In unpacking some large boxes that have been in storage for some years, I encountered my old roller skates.  

When I was in about the seventh grade, a new roller skating rink opened up a few miles outside the small town in which I lived.  It quickly became a place for pre-adolescents, and teens to go and socially interact.  The rink was a large indoor concrete rink, and had a snack bar, video arcade, and played the sounds of the 80’s through it’s enormous sound system.   Hundreds of kids skated amidst the swirling spot lights, flashing disco balls, and black light effects.   It was a big social deal.  It was a place to see and be seen, and where friendships, rivalries, and puppy love abounded. 

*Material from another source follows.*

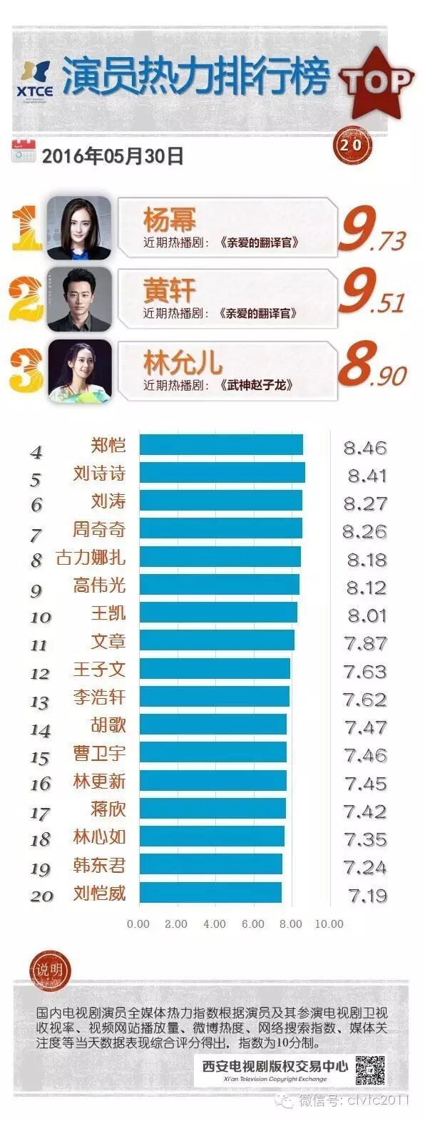 ★/西安电视剧版权交易中心影视数据评估中心通过监测国内电视剧演员及其参演电视剧卫视收视率、视频网站播放量、微博热度、搜索指数、媒体关注度等实时数据表现(每日00:00:00—23:59:59),运用综合评价算法计算评分,特推出“国内电视剧演员全媒体热力排行榜 TOP20”。/★

The DJ running the show, would run through a range of events in each four or five hour block of time the rink was open.  There would be all skates, couples skate, boys, girls, the train, the hokey pokey, and of course, the races.  While the rink had a competitive speed skating team that met and practiced in the afternoons, the races that were during the public skating session were open to anybody who wanted to give it a go.  Prizes were a free drink or slice of pizza over at the snack bar, but more importantly, helped establish your standing in the social pecking order at the rink amongst your peer group.  

The rink would be configured into a large oval with some cones, and a start / finish line was formed.   Each race was two or three laps depending on the age group.  Wewould line up across the starting line, the whistle would blow, and we would sprint, running our our toe stops and front wheels of our skates some distance to build speed and then would start skating.   To win, you needed an advantage over your competition.

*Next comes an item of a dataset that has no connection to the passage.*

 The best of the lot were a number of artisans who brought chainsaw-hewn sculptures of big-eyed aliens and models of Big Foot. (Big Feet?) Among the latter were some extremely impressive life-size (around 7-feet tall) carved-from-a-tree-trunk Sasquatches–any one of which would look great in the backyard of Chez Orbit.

Ideally, you wanted “speed skates”, which differed from the rental rink skates in many important areas, and were generally custom built from parts from the pro shop, which was like the pro shop at a bowling alley or golf course.   First, you wanted light weight, low cut boots to free your ankles for mobility.  Then you wanted light weight plates, aluminum or ideally the higher priced magnesium ones.  The toe stops on speed skates were parallel with the floor and adjustable in height, which allowed the skater to have a much shallower angle to the floor when running on take off.   The axles, called trucks used poly urethane bushings instead of the rubber ones for more stability, and were color coded by firmness.  I had yellow – can’t remember where that fell on the scale.  Premium bearings were available, and the factory grease could be dissolved out with mineral spirits and replaced with lightweight sewing machine oil.  I adjusted the torque of the lock nuts on my skates so that the bearings were just right, and spun and timed each wheel with a watch.  I wanted each wheel to spin for at least 2 minutes, freely, thus ensuring minimum rolling resistance.  Lastly, the wheels.  Several dozen models of wheels were available ranging from $30 to around $200.   They varied in color, style, and compound to find the right balance in grip and stiffness.   At the high end of the range, there were two wheels that had aluminum inserts in them which eliminated the bind on the bearings caused by mild deformation of the urethane wheels in a curve, which would slow you down .


One version had these cool machined pockets that were supposed to cool the bearings.   The other version of the wheel had slightly “stickier” compound of the wheel.  I swapped parts to combine the features.

Like most contests in life, there are two fundamental approaches you can take to find advantage.  You can work on your equipment, or you can work on your personal skills, your strength, balance, co-ordination, etc.   Looking back on earlier phases of my life, I think I tended to accept the limits of my person, and chose to pursue external advantage.   It’s only been in recent years that I’ve begun to work on myself as a person, to seek advantage based on who and what I am, rather than what I have to work with.

If you reflect back on your life, do you find that you tend to work  more internally or externally?   Do you work to improve your situation through yourself, or the tools that you work with?